Штессан, хмыкнув, сел рядом.
— Скажи, ты плыл, летел или проламывал стены?
— Я полз, — сказал Лёшка.
— Тоже дело, — сказал ликурт. — А я проламывал стены. Двести девяносто три стены.
— Вы просто не представляете, как мне сейчас хорошо.
— Представляю, — кивнул Штессан.
— Не-а.
Лёшке казалось, что он обрёл сверхчувствительность. Он слышал, как пощелкивая, отслаивается старая краска на оконной раме, ощущал, как свет давит на стекло, замечал полёты пылинок. Мягкий мат был набит поскрипывающим конским волосом. Особняк вздыхал и оседал. У Штессана похрипывало в горле. Кровь скоростным экспрессом курсировала по телу. Словно сосед в дверь постукивало сердце. Пробивались сквозь кожу волоски. Ясно думалось ни о чём. Снаружи шелестели деревья и затухал звук случайно повернувшего на Шевцова автомобиля.

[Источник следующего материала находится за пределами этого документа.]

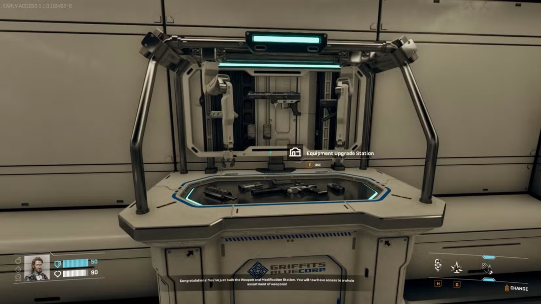 Die Ausrüstungs-Upgrade-Station ist der Ort, an dem StarRupture wirklich aufblüht. Sie ist dein Tor zu echter Feuerkraft und Waffenanpassung. Um sie freizuschalten, musst du Level 4 bei der Griffits Blue Corporation erreichen, wofür du 6.400 Corporation-Punkte brauchst. Die meisten dieser Punkte verdienst du dir durch das Einreichen bestimmter Materialien.
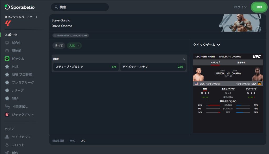 2016年に創立されたスポーツベットアイオー(Sportsbet.io)は、サイト名からも分かりますがスポーツベットに特化しているブックメーカーサイトです。UFCの大会で開催予定の各試合のオッズは総合格闘技カテゴリから提供予定となっています。他サイトと比べ同じ対象に設定されるオッズの値が高かったり、対象試合の場合にベット時にオッズの引き上げが可能となる独自機能を利用することができるなど、リターン額アップを狙うことができます。
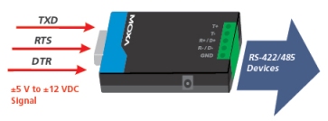 TCC-80转换器通过从RS-232端口取电来实现RS-232到 RS-422/485转换。它将RS-232的TxD和RxD信号转换为半 双工的2线RS-485或全双工的4线RS-422/485差分信号。 同时,TCC-80内建有15KV ESD浪涌保护功能,可防止输出信号的电流突波。除此之外,TCC-80还提供了通过检 测RS-232输出信号TxD状态来实现RS-485自动数据流向 控制的功能。因此,客户不必亲自控制RS-485数据的流向。
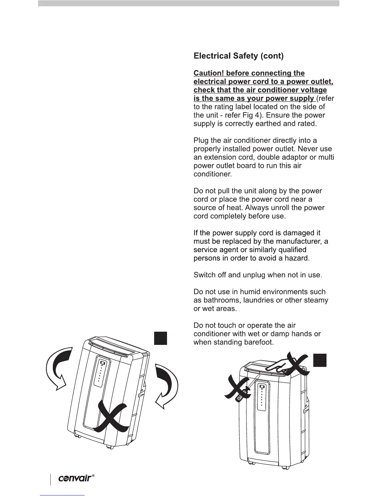 Do not place objects on the air conditioner, or
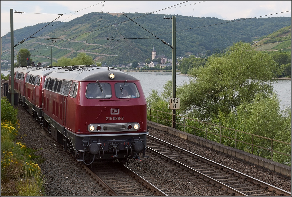 Überraschung in Niederheimbach. 4 altrote EfW-Loks der V160 Familie am Stück romantisch verpackt am Rhein. Führend 215 028-2, am Ende 215 025-8, dazwischen wohl eine 218? Juli 2018.
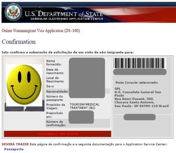 O processo começa no Site Oficial de Informações de Visto para os Estados Unidos, onde se faz um cadastro com o número do passaporte e a data de nascimento. As instruções são exibidas na tela, num passo a passo fácil de entender. A taxa, de US$ 160, pode ser paga pelo cartão de crédito ou pelo boleto. Mas atenção: o site avisa que nenhum pagamento será ressarcido, mas o sistema de boleto é confuso e gera um boleto novo a cada tentativa de acesso. O boleto pago tem um número de confirmação, que deve ser inserido junto de cada nome para liberar o agendamento da entrevista. Minha dica é imprimir ou salvar em PDF o boleto mesmo que for fazer o pagamento via internet. A parte mais chata ainda é o preenchimento do formulário DS-160, que continua com as perguntas ridículas de segurança, do tipo “pretende cometer um atentado terrorista” e “esteve envolvido no tráfico de órgãos humanos”.
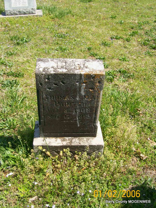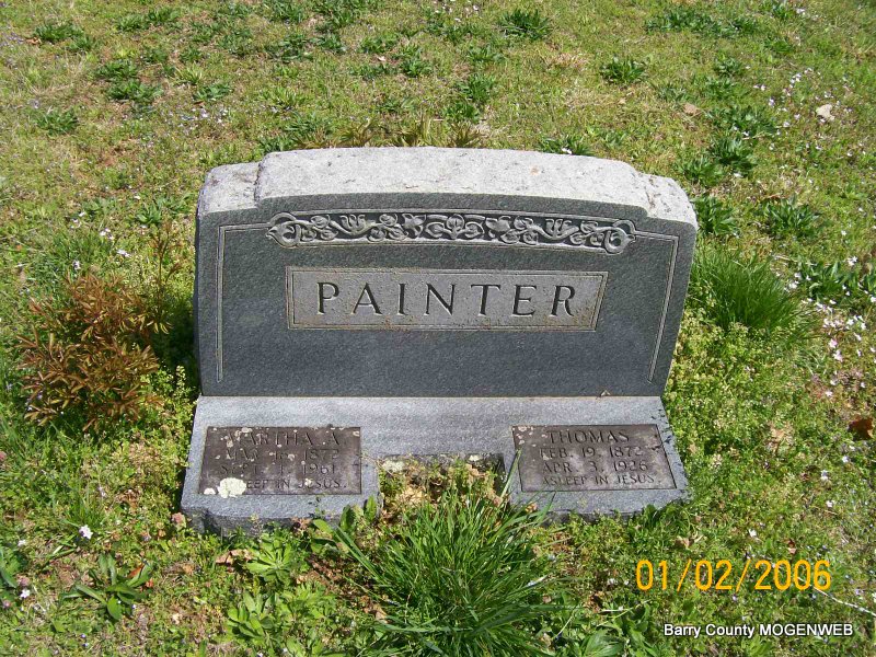 | PAINTER, Thomas | Feb. 19, 1872 | Apr. 3, 1926 | SSW: Martha A. - Research Note: Son of William Miles and Sara (Brock) Painter. Thomas Painter, age 19, married Martha Cooper, age 20, on Feb. 12, 1893 in Shell Knob, Barry Co., MO. William Painter, father of Thomas, gave consent. Note: William is buried in Center Cemetery Fidelity, Jasper Co., MO. | Transcription Penny Cooper Bailey MO Marriage Records Census Phyllis Long Photo Jay Trace Note Donna Cooper |
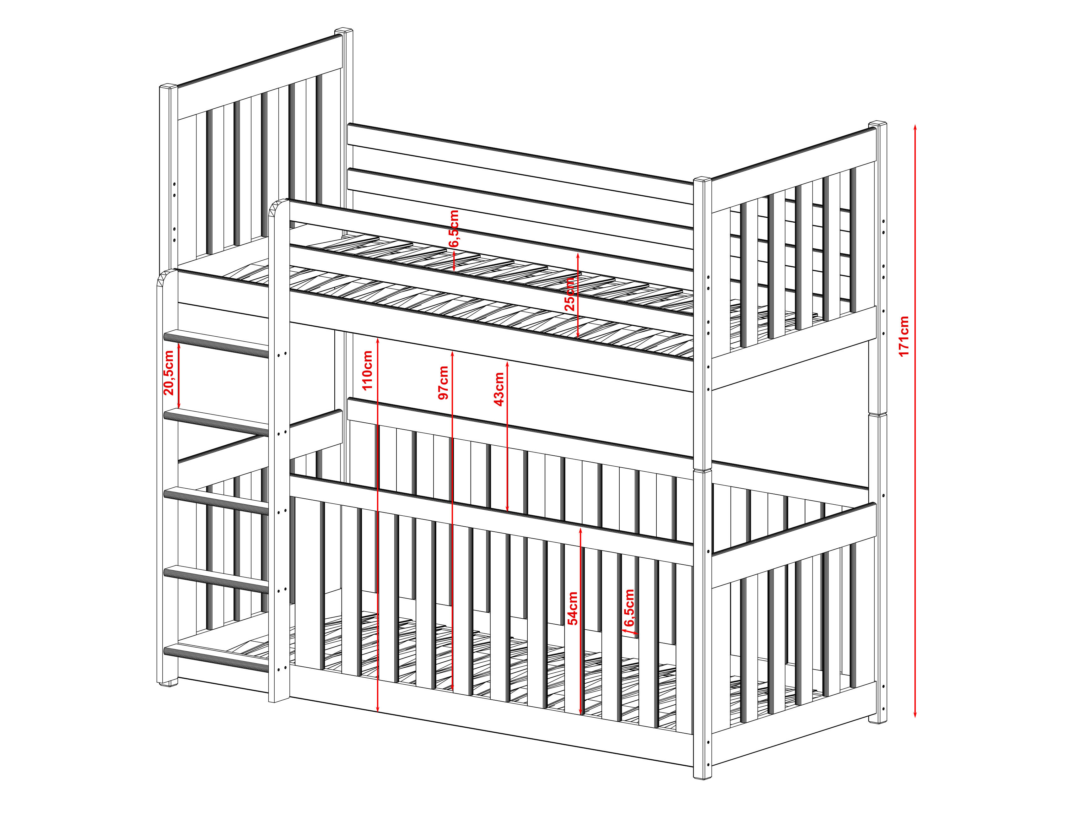 Le lit superposé CRIS, présenté en Blanc, est une solution idéale pour optimiser l'espace. Ce lit superposé dispose d'un généreux espace de couchage de 80 x 190 cm pour chaque niveau. Fabriqué en bois massif, le lit superposé CRIS est conçu pour assurer un environnement de sommeil sûr à vos enfants. Le design classique du lit lui permet de se fondre parfaitement dans différents styles d'intérieur, ce qui en fait un choix polyvalent pour votre maison. Grâce à son utilisation efficace de l'espace vertical, le lit superposé CRIS est parfait pour les frères et sœurs partageant une chambre.

Лежать было хорошо и уютно, всю жизнь можно так лежать. Под уходящим ввысь потолком перекрещивались балки, колонны врастали в утолщения, ниже в два ряда свешивались светильники. Там даже имелись узкая площадка и лесенка для их монтажа.
— Так, — раздался голос Мёленбека, — давайте уже с отдыхом заканчивать.

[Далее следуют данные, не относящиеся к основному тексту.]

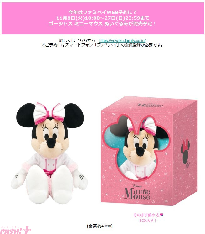 その他、今年はファミペイWEB予約にて11月8日10:00~27日23:59の期間、ゴージャス ミニーマウス ぬいぐるみが発売予定です。
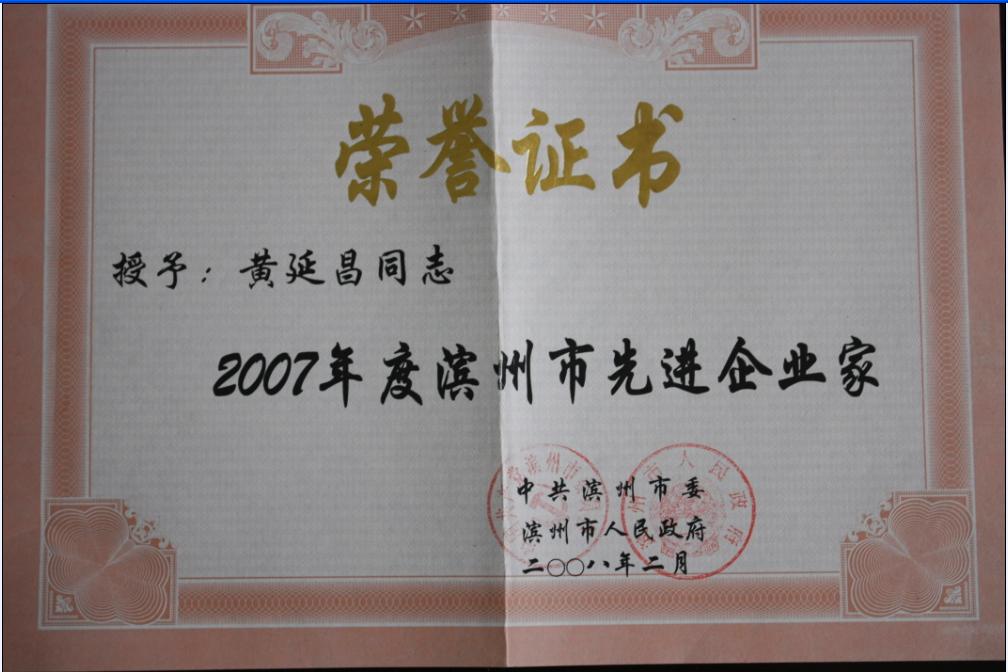 2008年2月,我公司董事長黃延昌被濱州市市委和濱州市人民政府評為2007年度“濱州市先進企業家”。
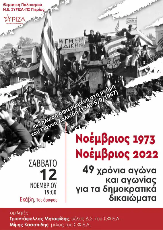 Το τμήμα Πολιτισμού της ΝΕ Πιερίας του ΣΥΡΙΖΑ – ΠΣ, στα πλαίσια των εκδηλώσεων για την εξέγερση του Πολυτεχνείου τον Νοέμβριο του 1973 ενάντια στην στρατιωτική φασιστική χούντα, διοργανώνει εκδήλωση αφιερωμένη στην μνήμη του αγωνιστή Γιάννη Χαλκίδη (1940 – 5/9.1967) το Σάββατο 12 Νοεμβρίου 2022 και ώρα 19.00 στην ΕΚΑΒΗ (1ος όροφος).
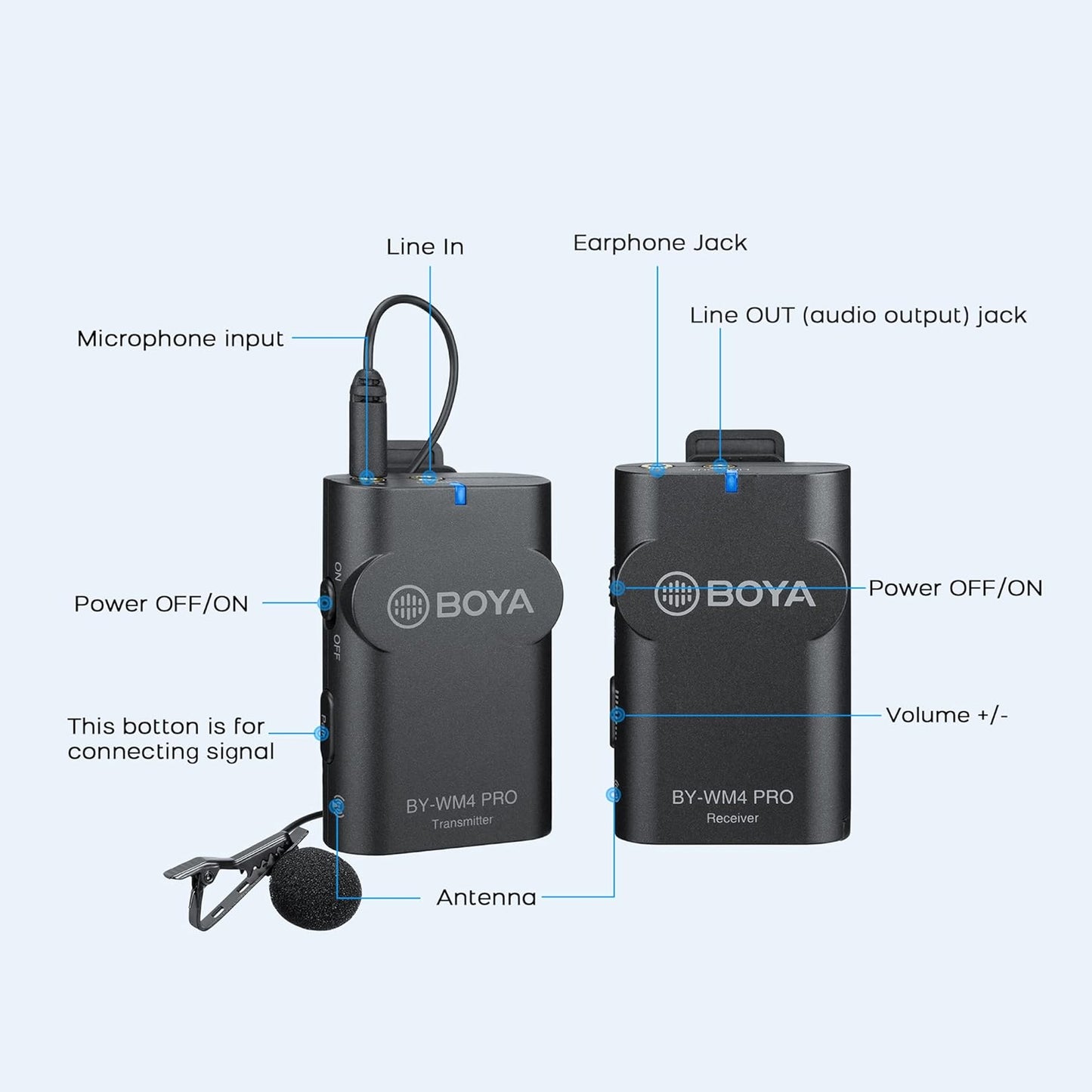 - BOYA BY-WM4 PRO Digital Camera-Mount Wireless Omni Lavalier Microphone System (2.4 GHz)
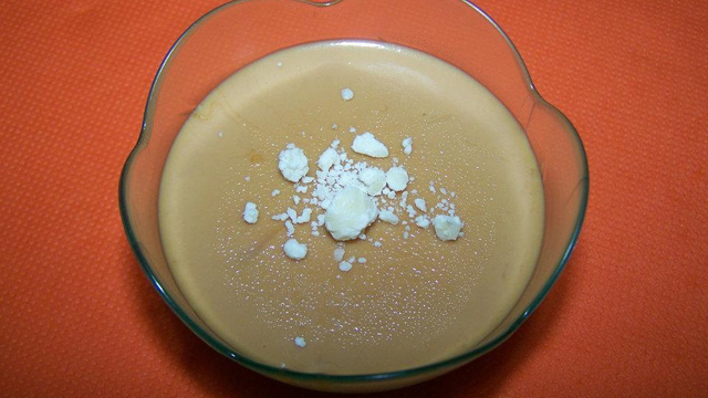 Décorer selon les goûts, sur la photo quelques morceaux de chocolat blanc mixés.

Он встал со стула в углу и, постукивая тростью по висящим «грушам», подошёл к Лёшке и Штессану. Вид у него был не выспавшийся и помятый, борода свалялась, камзол отсутствовал, а пуговицы рубашки попали не в те петли.
— Что случилось? — тут же вскочил Иахим.
Мёленбек скривился.
— Пока ничего. Смотрю, ты не жалеешь моего секретаря. Алексей…
Подчиняясь властному движению пальцев, Лёшка поднялся на ноги.
— Я прошёл…
— Да-да, — нетерпеливо произнёс Мёленбек, — я знаю.
Он жёстко ухватил парня за локоть и повернул, всматриваясь в его зрачки. В свободной руке его появился кристалл, который он поднёс к Лёшкиному лбу.
— Зачем это? — спросил Лёшка.
— Предчувствие, — сказал Мёленбек. — Что-то мне не спокойно.
Кристалл впечатался в кожу секретаря над правой бровью и прокатился к левой, оставляя щекотное ощущение от чередования граней.
— Что-нибудь снилось? — спросил Мёленбек.
— Нет, — соврал Лёшка и наткнулся на тяжёлый взгляд чёрных глаз.
— Ты уверен?
Почему-то признаваться про Замок-на-Краю и Шикуака было страшно.
— Мне показалось… Мне приснилось…
— Солье, парень думал, что вызвал кого-то ночью, — вклинился Штессан.
Мёленбек нахмурился и отнял кристалл.
— Никого он не вызвал. Ладно, — он оттянул Лёшке нижнее веко, — ты совсем загонял его, Иахим. Отложи ойме.
— После третьего урока, Солье, сам понимаешь.
— А мне нужны люди! — Лицо Мёленбека налилось кровью. — Где они? Какой прок от него в таком состоянии? День минус, Иахим!
— Пусть рисует карту.
Мёленбек фыркнул.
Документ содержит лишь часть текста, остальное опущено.